It looks like in 2016, 20% of cable viewers will ditch their current cable subscription services and take their first steps towards becoming fully-fledged members of the cord cutting community.

Plus, a recent study carried out by eMarketer predicts that by 81% of US households won’t pay for traditional TV – just let that sink in for a second.

Cordcutting rises as payTV goes down

What are your options after you cut the cord?

As we mentioned before, cord cutting is on the rise. As traditional viewing formats dwindle, cord cutting will eventually become the norm in households across the globe; each will have their own unique set-up and preferences, depending on taste, lifestyle and personality – but how much video is too much?

Well, first of all let’s take a quick look at some the measures people are taking when cutting the cord, and what services they are utilising…

  • HD Antennas: the channels of many Over The Air (OTA) broadcasters such as Fox and NBC aren’t encrypted, so people are using these types of antennas to pick up their favourite shows and sports events for free.
  • PVRs: personal video recorders record and store TV/videoFOOTAGE onto a hard disk in high definition to watch at your leisure. Mostly a PVR incurs a one off payment for the hardware and some services are subject to a small monthly subscription due to the inclusion of an electronic programming guide.
  • Content Services: most cord cutters are turning to a mix of free (Crackle and PBS) and pay (Hulu Plus and Netflix) OTT services to satisfy their viewing needs. The video content is streamed on a viewing device of choice and these kinds of services are very versatile, hence their popularity.
  • Online TV: amongst other things, online television is becoming increasingly popular in the cord cutting world. There is a huge selection of online television channels and again, some are free and some ask for a small subscription fee.

How does paid content fill the void?

There are countless other methods of cord cutting, in fact, if we were to list every single one this article would probably end up being long than a Dan Brown novel. But, the point is, there is so much content out there that it can be hard to know where to start.

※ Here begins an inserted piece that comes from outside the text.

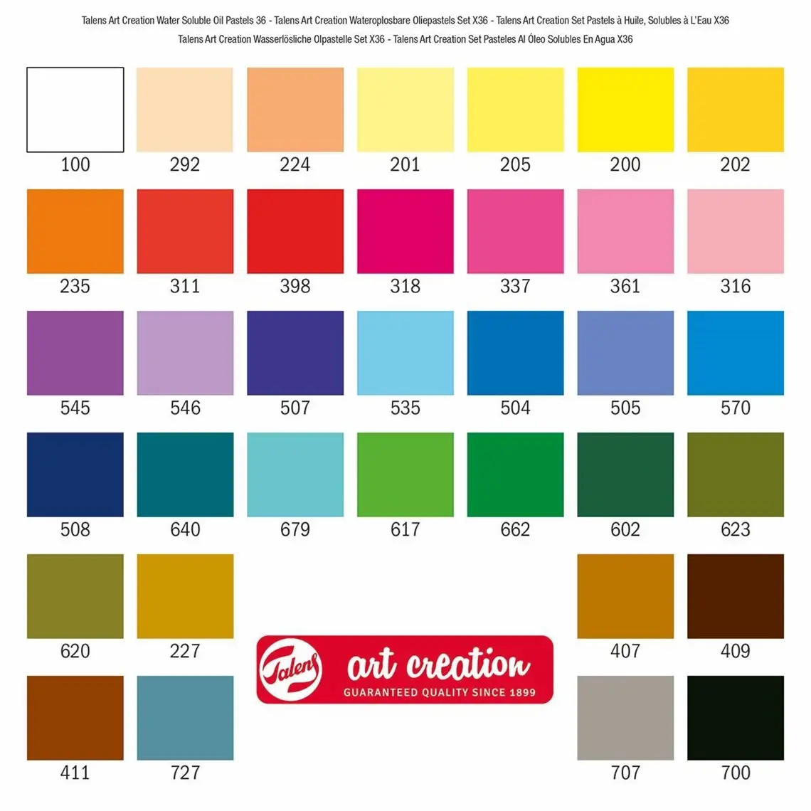 Inhoud: 36 pastels (100 Wit – 292 Napelsgeel Rood Licht – 224 Napelsgeel Rood – 201 Lichtgeel – 205 Citroengeel (Primair) – 200 Geel – 202 Donkergeel – 235 Oranje – 311 Vermiljoen – 398 Naftolrood Licht – 318 Karmijn – 337 Magenta – 361 Lichtrose – 316 Venetiaansrose – 545 Roodviolet – 546 Roodviolet Licht – 507 Ultramarijnviolet – 535 Ceruleumblauw (Phtalo) – 504 Ultramarijn – 505 Ultramarijn Licht – 570 Phtaloblauw – 508 Pruissischblauw – 640 Blauwgroen – 679 Blauwgroen Licht – 617 Geelgroen – 662 Permanentgroen – 602 Donkergroen – 623 Sapgroen – 620 Olijfgroen – 227 Gele Oker – 407 Donkere Oker – 409 Omber Gebrand – 411 Sienna Gebrand – 727 Blauwgrijs – 707 Muisgrijs – 700 Zwart).
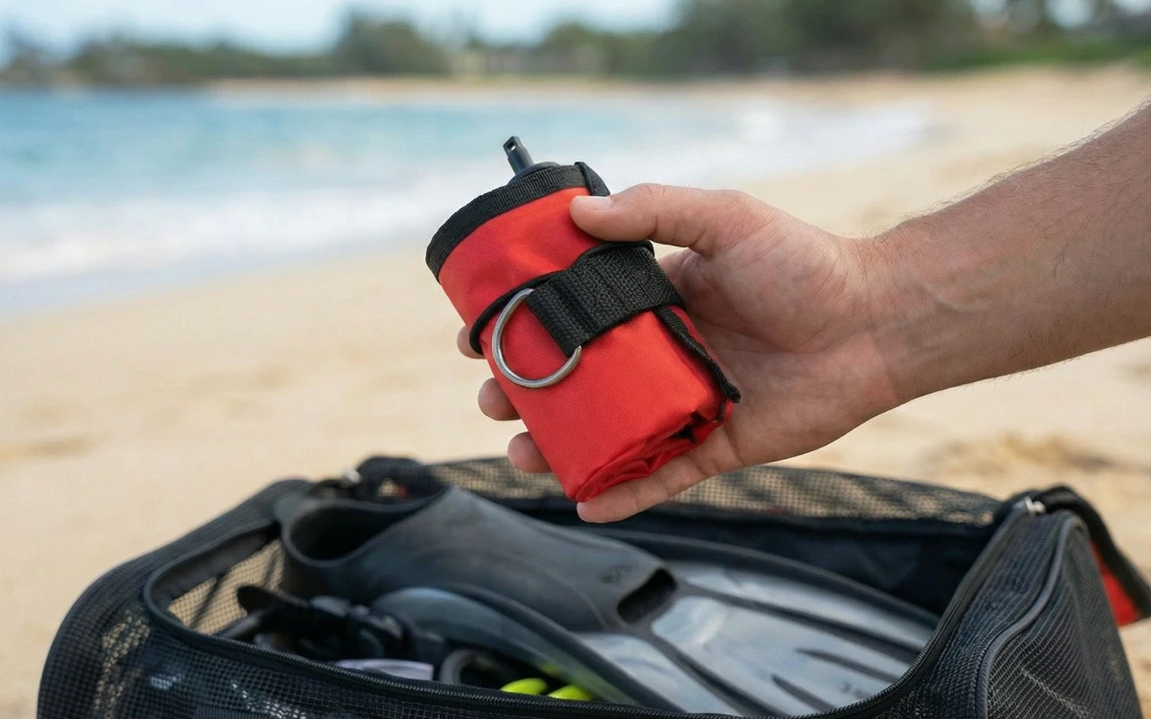 Diese Markierungsboje lässt sich kompakt zusammenfalten und passt in Ihre Tasche oder Hosentasche. Das schnelle Aufbauen ermöglicht es Ihnen, den Tauchgang sicher zu genießen.

Essentially, streaming video content alone won’t fill all the viewing needs of your average cord cutter. To cover the whole spectrum, certain types of content will have to be purchased on a one off basis (e.g. from Apple TV or Amazon Instant Video) and special events will often need be enjoyed by subscribing to exclusive content providers.

Viewers don’t mind paying extra for premium (exclusive) or very specific (niche) content. The top two entertainment categories that top the viewers interest are:
  • Live Sports:
  1. local and niche sports: Boxing, martial arts, horse racing, speedway etc. are sports with highly engaged audience and less mainstream media coverage. Their fans are consuming this video online and for pay-per-view emerged as the preferred model.
  2. major, mainstream sports: The top sports have exposure on all the mainstream TV channels, but alternative, flexible packages on the web still appear attractive to fans. Subscription/pass offerings like the NFL Game Pass, NBA League Pass, and MLB.tv are doing great and growing in popularity.
  • TV shows: Specific shows can still be attractive to some audiences: Apple iTunes (if you own Apple TV) or Amazon Instant Video, M-GO, Vudu, etc.

Nevertheless, cutting the cord has proven to be very efficient – even for the most hard-core video consumers. While many people are hesitant to purchase content when they are already paying for subscription streaming services, when they actually get set up with their new cordless existence, they very quickly realise that even by using a mix of all of the above, they are still paying considerably less than they would if they were still on cable.

How much video is too much? We’d say the simple answer is: the sky’s the limit.